┌─ DATA

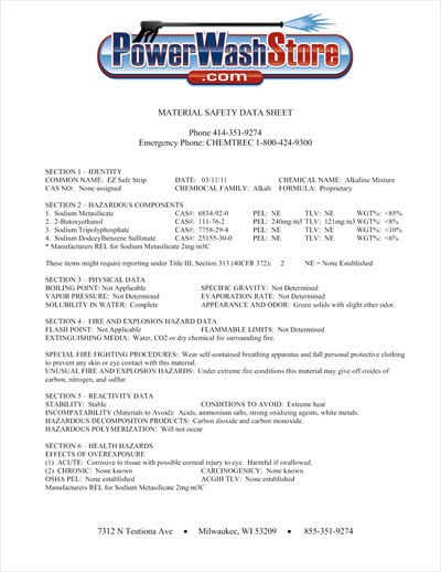 - EZ Safe Strip is a custom blend of non-caustic cleaners that will lift and soften the stains and sealers on the surface of the deck. The unique surfactant blend is strong enough to do the job yet still safe enough to handle.
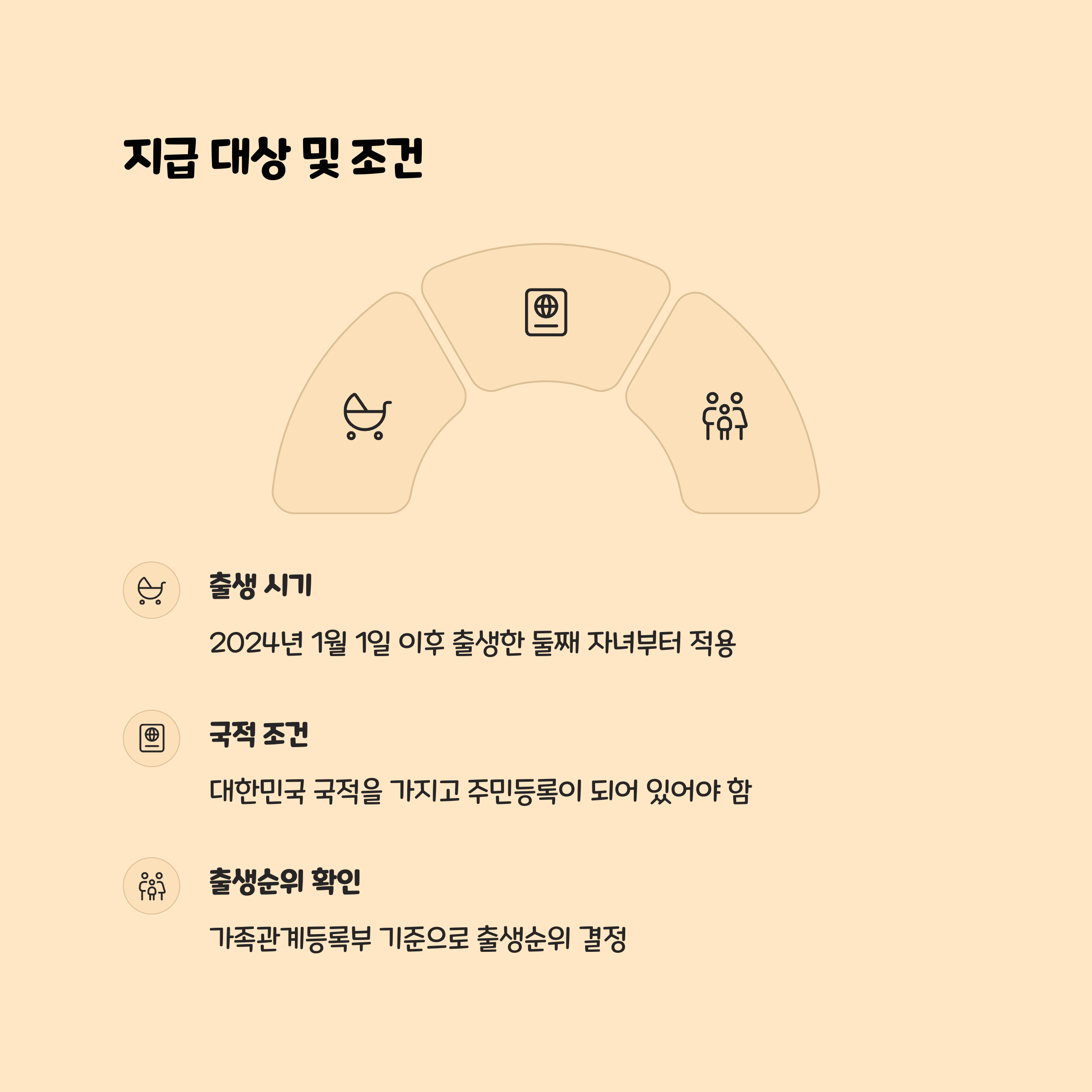 2024년 1월 1일 이후 출생한 둘째 자녀부터 적용됩니다. 대한민국 국적을 가지고 주민등록이 되어 있어야 하며, 출생순위 확인은 가족관계등록부 기준으로 결정됩니다.
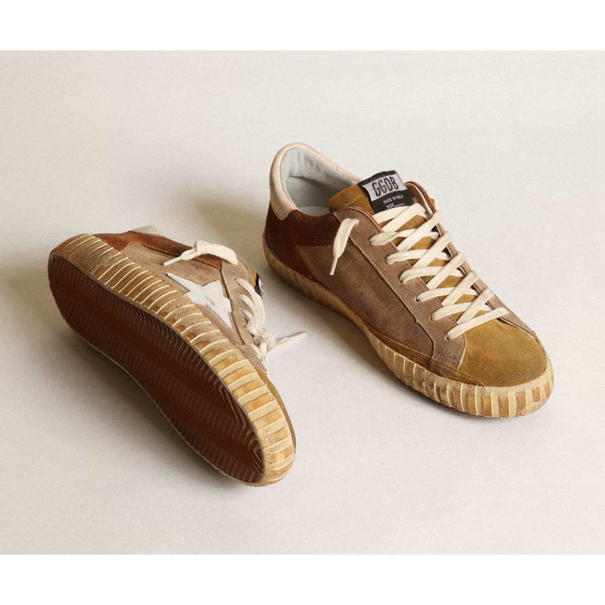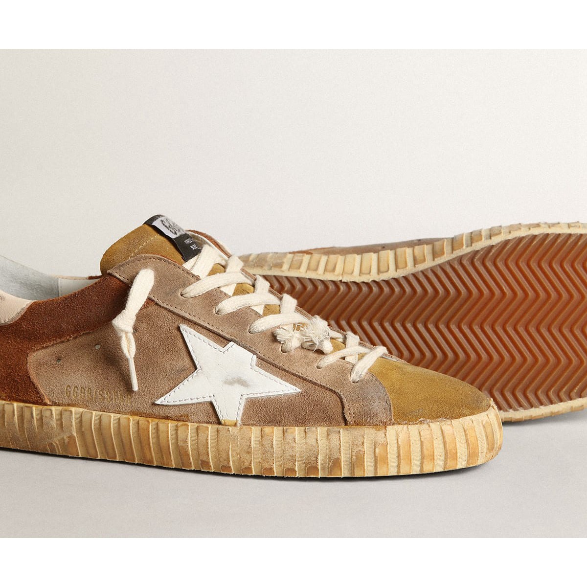 Ein zeitloses Symbol, das sich dennoch weiterentwickelt. Bei Golden lieben wir es, unsere Klassiker zu nehmen und sie ständig zu überarbeiten, immer aus einem neuen Blickwinkel. Dieses Herrenmodell mit Tabak und braunem Wildleder -Obermodell verfügt über einen weißen Lederstern und einen leichten beige Nappa -Leder -Fersenschub. Die mit Kamelfarben gefärbte Wildlederzunge und cremefarbene Schnürsenkel Fügen Sie den Finishing-Touch hinzu. und braunes Wildleder-Obermaterial

└─

[TASK INSTRUCTIONS]: Repeat the listing in full and exactly. Leave any pictures out.

[WRITTEN RESPONSE]:
 - EZ Safe Strip is a custom blend of non-caustic cleaners that will lift and soften the stains and sealers on the surface of the deck. The unique surfactant blend is strong enough to do the job yet still safe enough to handle.
 2024년 1월 1일 이후 출생한 둘째 자녀부터 적용됩니다. 대한민국 국적을 가지고 주민등록이 되어 있어야 하며, 출생순위 확인은 가족관계등록부 기준으로 결정됩니다.
 Ein zeitloses Symbol, das sich dennoch weiterentwickelt. Bei Golden lieben wir es, unsere Klassiker zu nehmen und sie ständig zu überarbeiten, immer aus einem neuen Blickwinkel. Dieses Herrenmodell mit Tabak und braunem Wildleder -Obermodell verfügt über einen weißen Lederstern und einen leichten beige Nappa -Leder -Fersenschub. Die mit Kamelfarben gefärbte Wildlederzunge und cremefarbene Schnürsenkel Fügen Sie den Finishing-Touch hinzu. und braunes Wildleder-Obermaterial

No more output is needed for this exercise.